Slamming a guy in his obituary is pretty low, but Griswold was just getting warmed up. He convinced Poe’s aunt, Maria Clemm, to make him Poe’s literary executor. Griswold then published a biography of Poe that made him out to be a drug-addled drunk, all while keeping the profits from a posthumous edition of Poe’s work.

5. His death was a mystery worth of his writing.

In 1849 Poe left New York for a visit to Richmond, but he never made it that far south. Instead, Poe turned up in front of a Baltimore bar deliriously raving and wearing clothes that didn’t fit. Passersby rushed Poe to the hospital, but he died a few days later without being able to explain what happened to him.

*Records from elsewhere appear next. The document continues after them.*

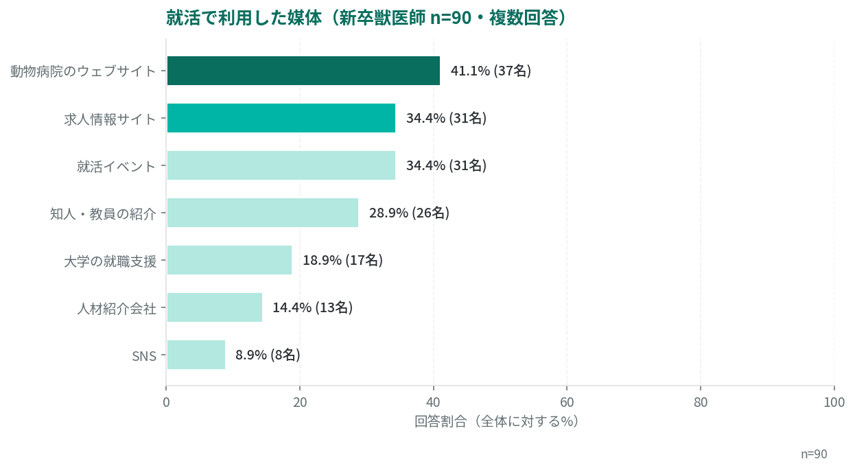 就職活動で利用した媒体は「動物病院のウェブサイト」41.1%、「求人情報サイト」34.4%、「就活イベント」34.4%、「知人・教員の紹介」28.9%。自院ウェブサイトが最重要チャネルであり、採用ページの写真・スタッフの声・教育体制の充実が、応募数を直接左右します。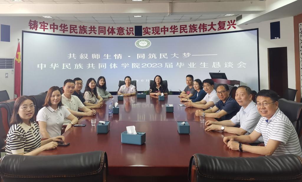 依依不舍惜别意,浓浓刻骨师生情。6月9日中午,我院隆重举行“共叙师生情·同筑民大梦”——2023届毕业生恳谈会。学院班子成员汤振华、姚上海、李学保、方清云,导师代表吴开松教授、裴圣愚副教授与我院2023届毕业生代表座谈话别。恳谈会由院党政办主任文田主持。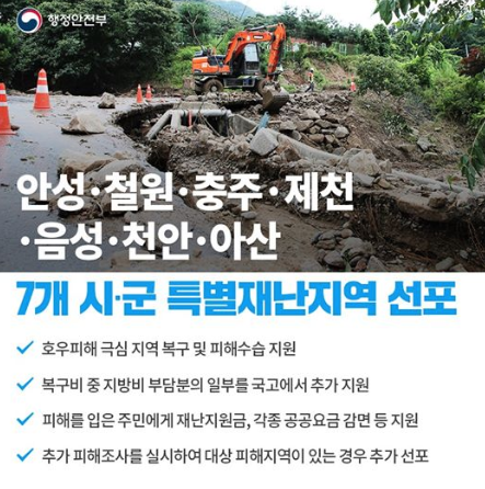 대한민국 행정안전부는 집중호우로 인해 안성, 철원, 충주, 제천, 음성, 천안, 아산 등 7개 시·군을 특별재난지역으로 선포하였다. 행정안전부는 피해시설 복구와 피해주민 생활안전 지원에 최선을 다하겠다고 밝혔다.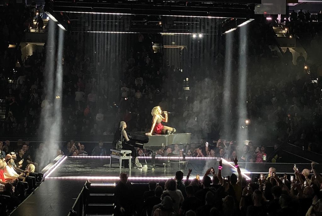 The music mostly moved chronologically forward as the night went on, with a central riser at the end of the arena re-creating various environments, from Manhattan nightclubs Danceteria and CBGBs to lavish modernist dance warehouses and Fashion Week style runways to, well, church. But to look at this production as her Eras Tour is a mischaracterization; it is focused as much as it’s freewheeling, intimate as much as it’s opulent, with blockbuster hits sitting alongside less-expected deep cuts, broken up several times along the way with stunning theatrical set-pieces.
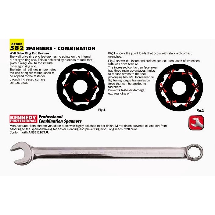 KENNEDY PROFESSIONAL COMBINATION SPANNER MIRROR FINISH 6-32 mm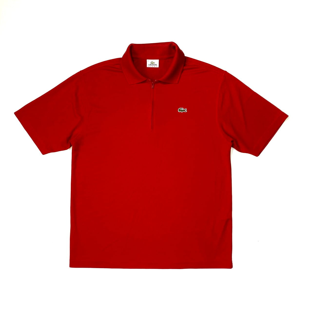 90年代 LACOSTE ラコステ ハーフジップ ポロシャツ メンズM相当 レッド 赤 古着【ポロシャツ】【SA21075】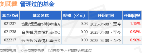 刘武健先生:中国国籍,北京大学数学学院学士、光华管理学院工商管理硕士,历任正元投资有限公司投资部副总裁,北京极至投资管理有限公司量化研究员;2021年11月加入合煦智远基金管理有限公司,曾任专户投资部副总监。2025年4月8日担任合煦智远嘉悦利率债债券型证券投资基金基金经理。

Poe’s rumored causes of death were “cerebral inflammation” and “congestion of the brain,” which were polite euphemisms for alcohol poisoning. Modern scholars don’t totally buy this explanation, though. The characterization of Poe as a raging drunk mostly comes from Griswold’s posthumous smear campaign, and his incoherent state of mind may have been the result of rabies or syphilis.

Some Poe fans subscribe to a more sinister theory about the writer’s death, though. They think he may have fallen victim to “cooping,” a sordid 19th century political practice. Gangs of political thugs would round up homeless or weak men and hold them captive in a safe place called a “coop” right before a major election. On election day—and there was an election in Baltimore on October 3, 1849, the day Poe was found—the gangs would then drug or beat the hostages before taking them around to vote at multiple polling places.

This story sounds like something straight out of Poe’s own writing, but it might actually be true. Poe’s crummy physical state and delirium would be consistent with a victim of cooping, and the ill-fitting clothes jibe with gangs’ practice of making their hostages change clothes so they could cast multiple votes. With no real evidence either way, though, Poe’s death remains one of literature’s most fascinating mysteries.